ASSIGNED TASK:
From the line containing "他直接在尹肖的微博评论区留言,明确表示支持吴敬平。" through the last line of the data, both ends included, write out every line exactly; omit the pictures.

DATA BELOW:

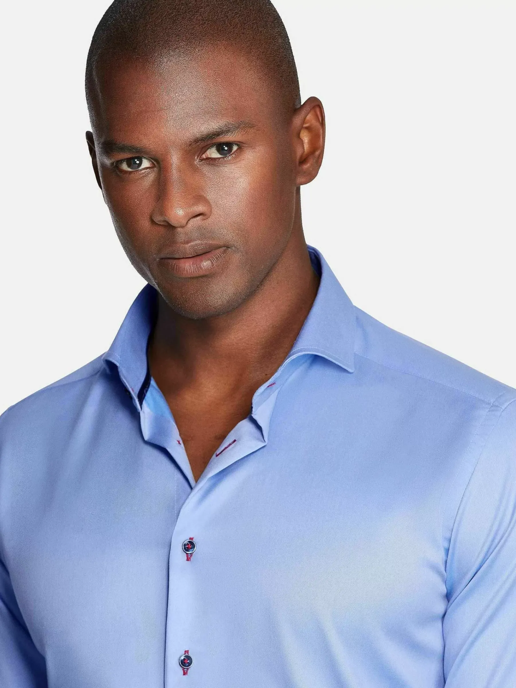 Mooi Lichtblauw Gekleurd Overhemd Met Een Chique Uitstraling. Het Overhemd Is Ideaal Voor Kantoor Om In Combinatie Te Dragen Met Een Pantalon, Maar Staat Natuurlijk Ook Mooi Op Een Jeans Voor Een Wat Lossere Outfit. Dit Model Loopt Van Onderen Rond Af En Is Gemaakt Van Zuiver Katoen.
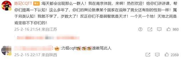 他直接在尹肖的微博评论区留言,明确表示支持吴敬平。
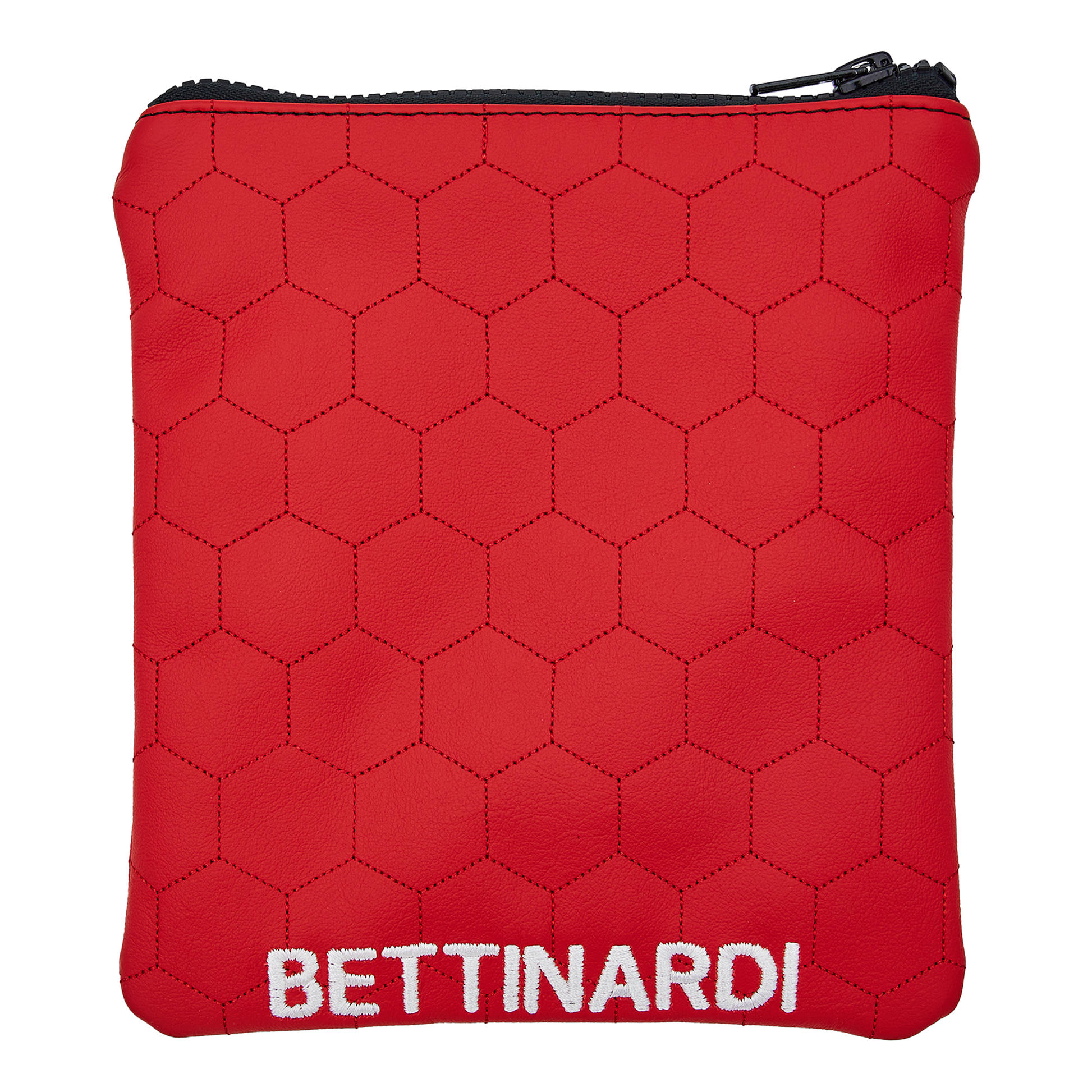 This red T-Hive valuables pouch is featured in a red vinyl with a stitched hexagonal pattern throughout. It includes an embroidered Bettinardi wordmark on the back. The pouch is lined with soft plush and includes a black zipper at the top. Keep all your belongings in one place with this classy pouch, made in Tinley Park, Illinois.

EXERCISE RESULT:
 他直接在尹肖的微博评论区留言,明确表示支持吴敬平。
 This red T-Hive valuables pouch is featured in a red vinyl with a stitched hexagonal pattern throughout. It includes an embroidered Bettinardi wordmark on the back. The pouch is lined with soft plush and includes a black zipper at the top. Keep all your belongings in one place with this classy pouch, made in Tinley Park, Illinois.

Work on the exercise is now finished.